Today, to get our fix of bile, we must turn to the television diatribes of Simon Cowell or Alan Sugar, professionals churning out confected insults aimed at people who do not matter and cannot defend themselves.


I’m totally with McIntyre on the hypocrisy of the idea that simply avoiding invective amounts to civility. This misconception is often paraded in the blogosphere by prating numpties who deserve to grow unsightly warts as they lead apes in hell, the fawning, hedge-born, wheyfaced fleas (to paraphrase that master of the art, Stratford Bill).
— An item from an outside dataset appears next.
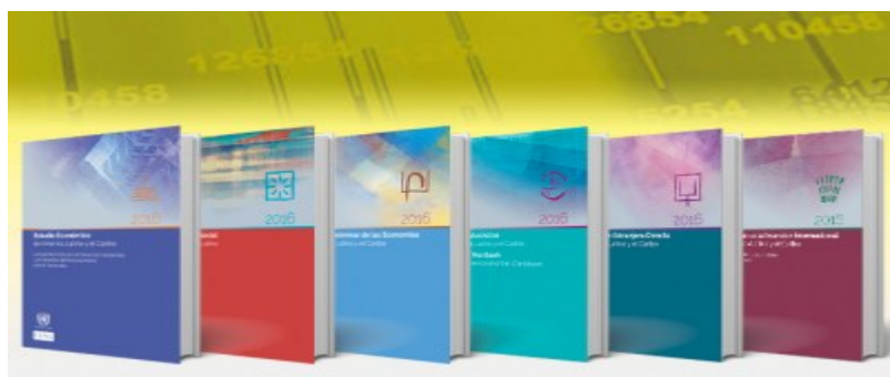
Informes Anuales Cepal 2017

What a waste that Glenda Jackson hanging up her thespian boots for a turn at climbing the slippery pole coincided with her losing her reputation for delivering stinging rebukes as few have done before or since. Westminster sounds far too tame these days. Thank goodness for bloggers who eschew faux civility and the subtle art of spin is all I can say. The best insult I’ve read this week came from Kyso Kisaen:

…your stunning self-absorption and barely masked loathing of the fairer sex means that you actually do deserve to be alone. So very alone. Quite honestly, if I was your right hand I’d refuse to form a fist. That’s how alone you should be.

Ahhhhh.

What’s the best insult you’ve come across lately? Alternatively, what is the most entertaining invective your fertile minds can devise for the cohorts of the Beige and Beiger campaigns?

crossposted at LP



Categories: Culture, culture wars, language, Politics, Sociology

Tags: , , , ,

4 replies

  1. I knew there was something missing in my life. I feel whole now. Bring em on!

  2. I miss Backberner.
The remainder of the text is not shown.